* What you will do
Would you print exactly the lines that begin the listing and continue through the line holding "As the curator's"? No pictures, please.

* Records shown
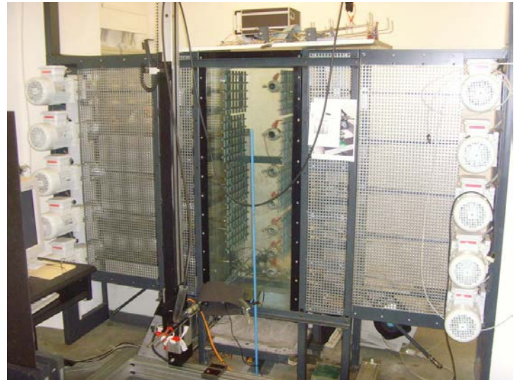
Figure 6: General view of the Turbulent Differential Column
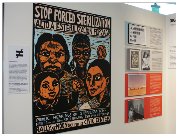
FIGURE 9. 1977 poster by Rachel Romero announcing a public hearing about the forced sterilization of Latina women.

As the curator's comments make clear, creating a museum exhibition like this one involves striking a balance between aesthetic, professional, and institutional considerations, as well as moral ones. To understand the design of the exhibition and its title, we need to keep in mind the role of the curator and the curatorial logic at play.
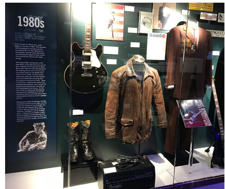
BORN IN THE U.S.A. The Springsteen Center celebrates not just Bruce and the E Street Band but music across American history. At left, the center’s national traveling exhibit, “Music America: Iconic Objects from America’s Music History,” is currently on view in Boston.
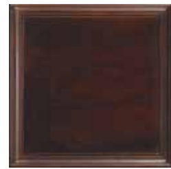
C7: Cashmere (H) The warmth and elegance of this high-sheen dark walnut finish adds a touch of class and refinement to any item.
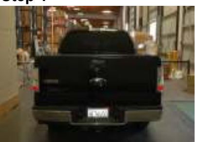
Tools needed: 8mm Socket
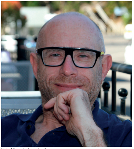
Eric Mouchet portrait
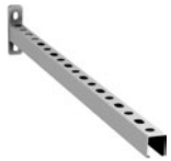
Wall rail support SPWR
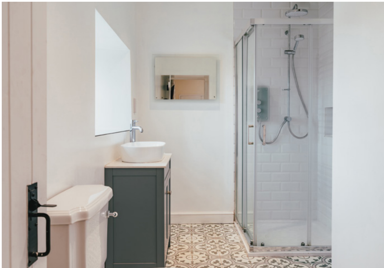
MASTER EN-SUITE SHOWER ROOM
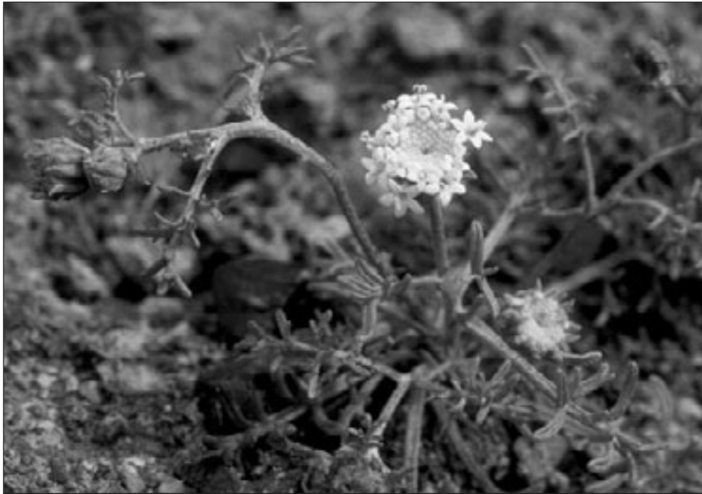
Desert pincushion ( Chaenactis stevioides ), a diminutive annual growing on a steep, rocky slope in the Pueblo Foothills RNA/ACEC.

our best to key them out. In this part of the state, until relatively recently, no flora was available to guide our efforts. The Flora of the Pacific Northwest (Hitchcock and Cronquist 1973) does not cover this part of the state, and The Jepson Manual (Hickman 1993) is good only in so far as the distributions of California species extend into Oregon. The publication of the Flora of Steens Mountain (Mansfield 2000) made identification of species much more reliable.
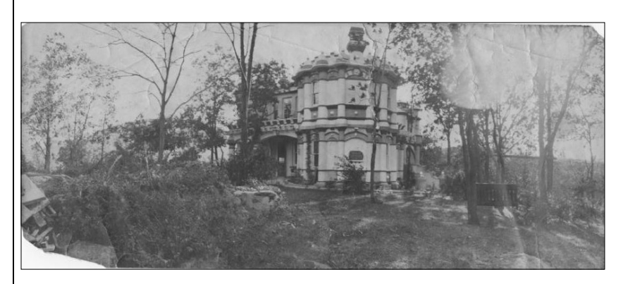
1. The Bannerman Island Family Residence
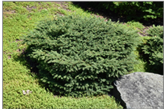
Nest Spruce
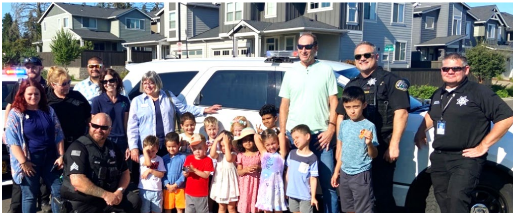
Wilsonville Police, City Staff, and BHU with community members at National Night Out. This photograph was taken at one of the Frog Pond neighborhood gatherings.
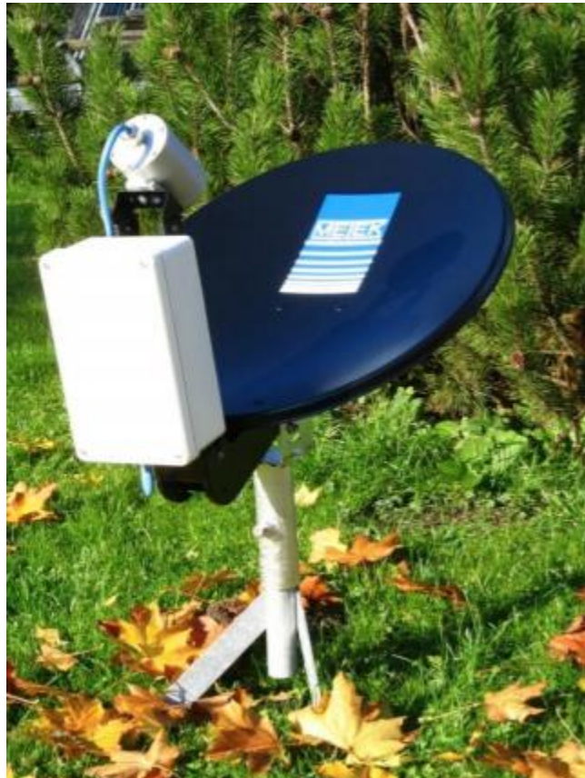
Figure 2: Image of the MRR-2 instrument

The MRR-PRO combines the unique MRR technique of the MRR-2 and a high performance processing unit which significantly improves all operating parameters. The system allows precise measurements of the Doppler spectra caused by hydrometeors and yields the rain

* Output of the exercise
Figure 6: General view of the Turbulent Differential Column
FIGURE 9. 1977 poster by Rachel Romero announcing a public hearing about the forced sterilization of Latina women.

As the curator's comments make clear, creating a museum exhibition like this one involves striking a balance between aesthetic, professional, and institutional considerations, as well as moral ones. To understand the design of the exhibition and its title, we need to keep in mind the role of the curator and the curatorial logic at play.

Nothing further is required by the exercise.